▶ [PROBLEM REQUIREMENTS]: Exact copy, no pictures: return only the lines below from the line with "Enjoy a cooler, more" up to and including the line with "Spring Autumn Prom".

BEGIN RECORDED INFORMATION

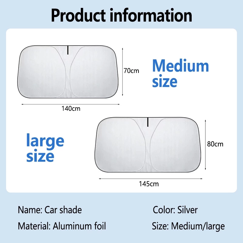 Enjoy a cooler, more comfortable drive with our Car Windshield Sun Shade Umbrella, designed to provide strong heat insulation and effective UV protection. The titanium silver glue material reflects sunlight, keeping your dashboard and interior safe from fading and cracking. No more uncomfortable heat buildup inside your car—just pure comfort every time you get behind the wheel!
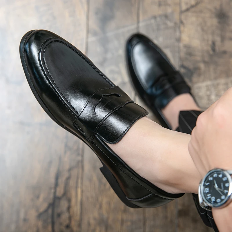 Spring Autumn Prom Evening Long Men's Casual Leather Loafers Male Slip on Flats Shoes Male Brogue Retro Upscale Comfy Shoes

END RECORDED INFORMATION
BEGIN RECORDED INFORMATION

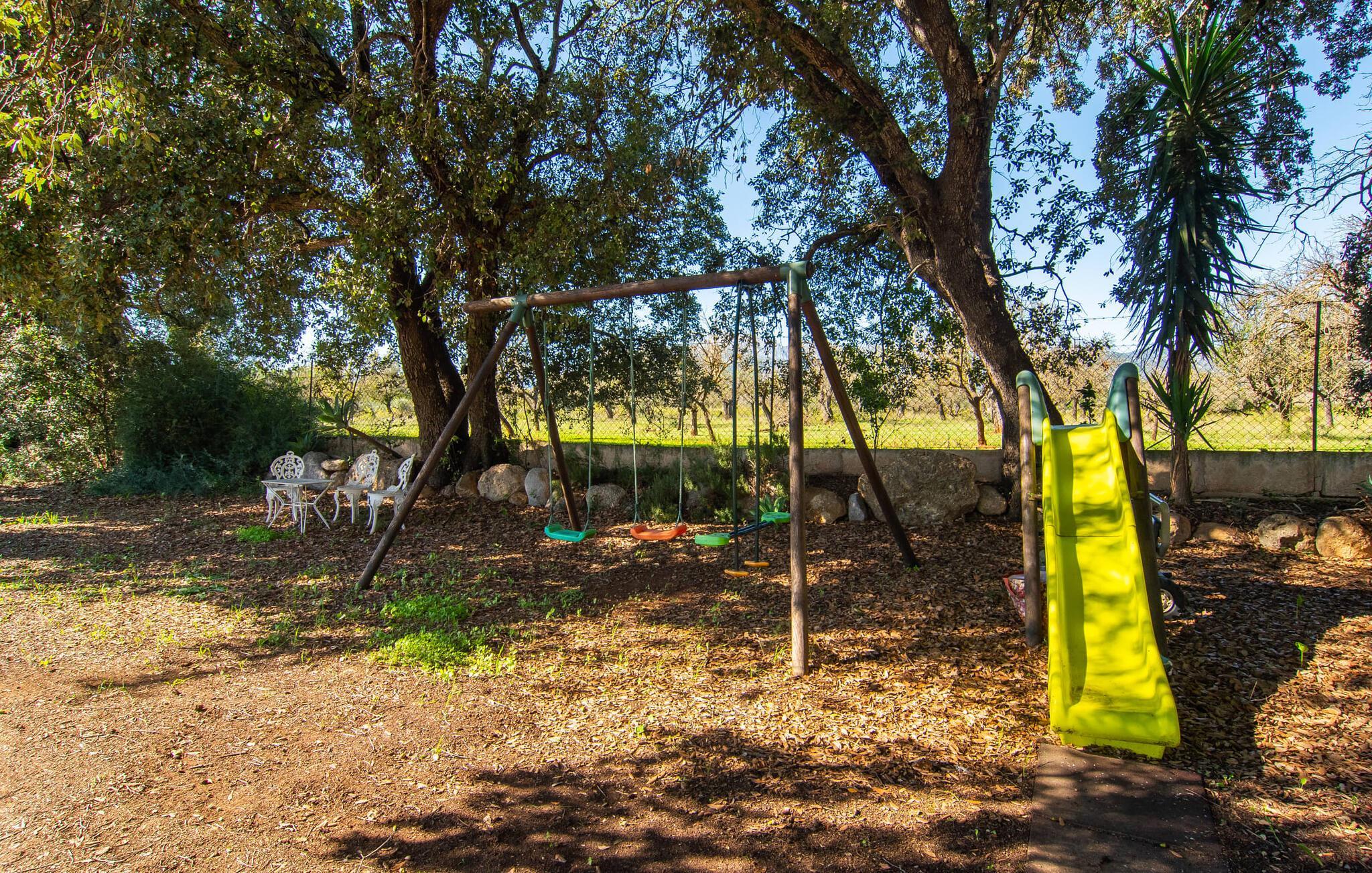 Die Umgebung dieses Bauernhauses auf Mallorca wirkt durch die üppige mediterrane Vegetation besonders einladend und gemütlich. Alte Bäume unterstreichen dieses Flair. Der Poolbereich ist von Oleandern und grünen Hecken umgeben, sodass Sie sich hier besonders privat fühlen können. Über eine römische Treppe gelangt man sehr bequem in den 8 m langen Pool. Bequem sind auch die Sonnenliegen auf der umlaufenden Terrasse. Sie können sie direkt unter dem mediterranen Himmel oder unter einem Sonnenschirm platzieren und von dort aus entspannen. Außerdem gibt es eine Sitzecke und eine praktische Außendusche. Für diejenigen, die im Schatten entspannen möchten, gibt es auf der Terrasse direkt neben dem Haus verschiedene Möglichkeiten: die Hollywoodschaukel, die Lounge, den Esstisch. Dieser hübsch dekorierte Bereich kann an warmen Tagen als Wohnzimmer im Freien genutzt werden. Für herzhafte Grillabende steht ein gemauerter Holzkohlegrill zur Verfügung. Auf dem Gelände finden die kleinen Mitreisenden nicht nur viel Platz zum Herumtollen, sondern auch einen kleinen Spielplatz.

END RECORDED INFORMATION

▶ [RESULT FOR THIS TASK]:
 Enjoy a cooler, more comfortable drive with our Car Windshield Sun Shade Umbrella, designed to provide strong heat insulation and effective UV protection. The titanium silver glue material reflects sunlight, keeping your dashboard and interior safe from fading and cracking. No more uncomfortable heat buildup inside your car—just pure comfort every time you get behind the wheel!
 Spring Autumn Prom Evening Long Men's Casual Leather Loafers Male Slip on Flats Shoes Male Brogue Retro Upscale Comfy Shoes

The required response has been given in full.